Едва Кека предложила поехать в Монтевидео, я отошел от Арсе, перестал отвечать за мысли его и дела; однако меня непрестанно мучил соблазн — я хотел увидеть, как он сползает к полному цинизму, в неодолимые низины, из которых должен восстать, чтобы действовать от моего имени. Приглашение помогло распознать и уже давно созревшее желание, которое я столько раз подавлял и гнал от себя, — увидеть свою жену в Ракели, снова обрести самую ее суть в этой хилой девочке, которая была глупее той, прежней Гертруды, своей ровесницы, и холоднее (она пошла в отца), а все-таки сейчас, в этом году, стала истинной ее сестрой.
Посасывая пустую трубку, старый Маклеод шепнул Штейну, что уволит меня к концу месяца, вручив чек на пять тысяч. А пока что я почти не работал и едва ли существовал. Напиваясь с Кекой, наслаждаясь все больше тем, что я могу ее ударить, и удивляясь, что это очень легко, даже нужно, я был Арсе. Думая, пытаясь писать, поражаясь своей силе и богатству жизни, я был врачом по имени Диас Грей. Теперь великодушный приятель приходил к Кеке по субботам, а я, не в силах слушать тишину за стеной, позволявшую вообразить что угодно, уходил из дому, покупал дешевый цветочек, не обращая внимания на то, какой у меня с ним дурацкий вид, и ехал через весь город к Мами, немного морщась от того, что Штейн без пиджака, снисходительно и благодушно, как хозяин, ублажает старую гвардию, сидевшую там во всей славе старых ран и былой доблести.

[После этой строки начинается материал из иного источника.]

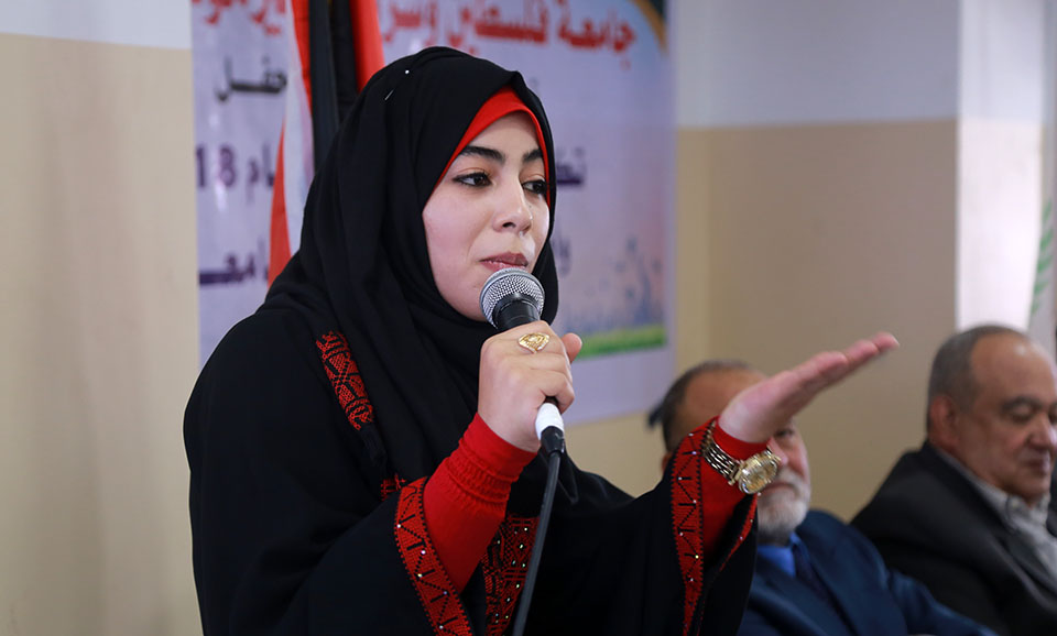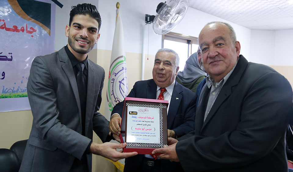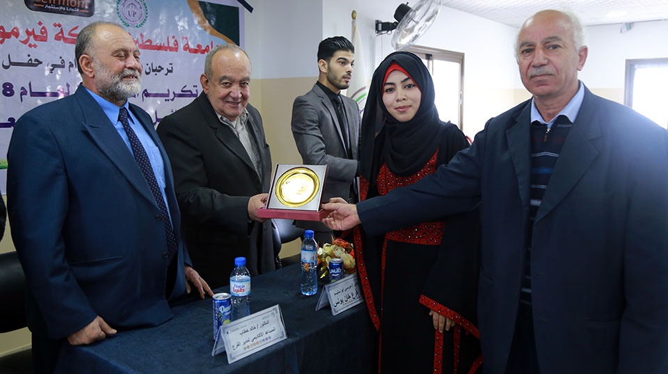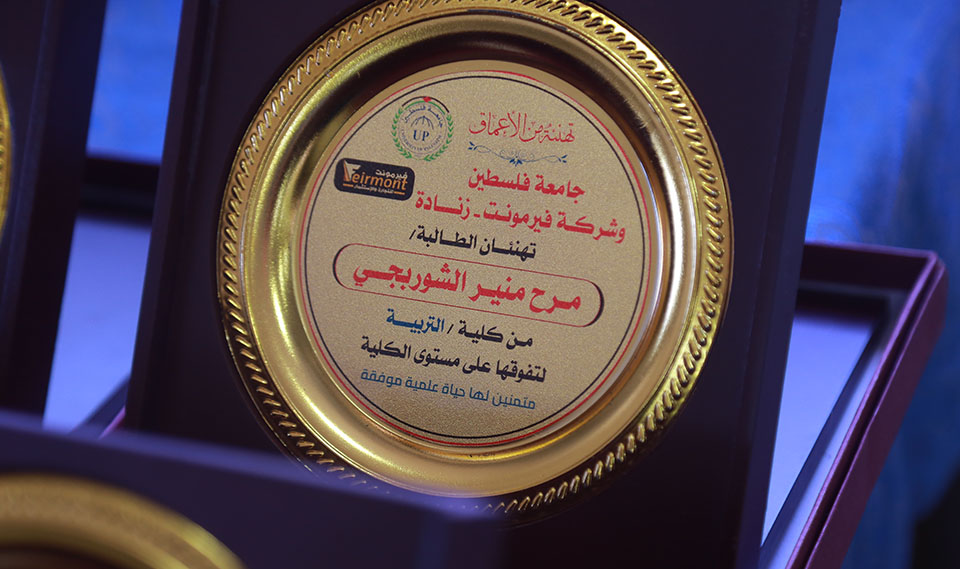 جامعة فلسطين فرع الجنوب الأربعاء 12-12-2018- حفل تكريم أوائل طلبة جامعة فلسطين والمؤثرين لعام ٢٠١٨ وقصص نجاح برعاية كريمة من شركة فيرمونت زنادة، ، وقد حصلت الطالبة مرح منير الشوربجي على درع التميز لتفوقها على مستوى الكلية

Я поздоровался с Мами и с бессмертными барышнями. Кроме них, тут был тщедушный лысый еврей в золотых очках, быть может, тот самый Левуар, с которым наша хозяйка играла в карты и путешествовала по Парижу. Штейн прохаживался по комнате, расхристанный, с бокалом в руке, шутил с гостями, нарушая — уж не нарочно ли? — уют, который так умело и терпеливо создавала Мами, от субботы к субботе. А ведь дамы эти, подумал я, тона их одежды, звук их голоса и сама хозяйка, и молчаливый человечек удивительно гармонируют с букетами, которые Мами расставляет в гостиной. Впрочем, в том же вкусе и цветы в горшках, стоящие на столе, на пианино и на полу.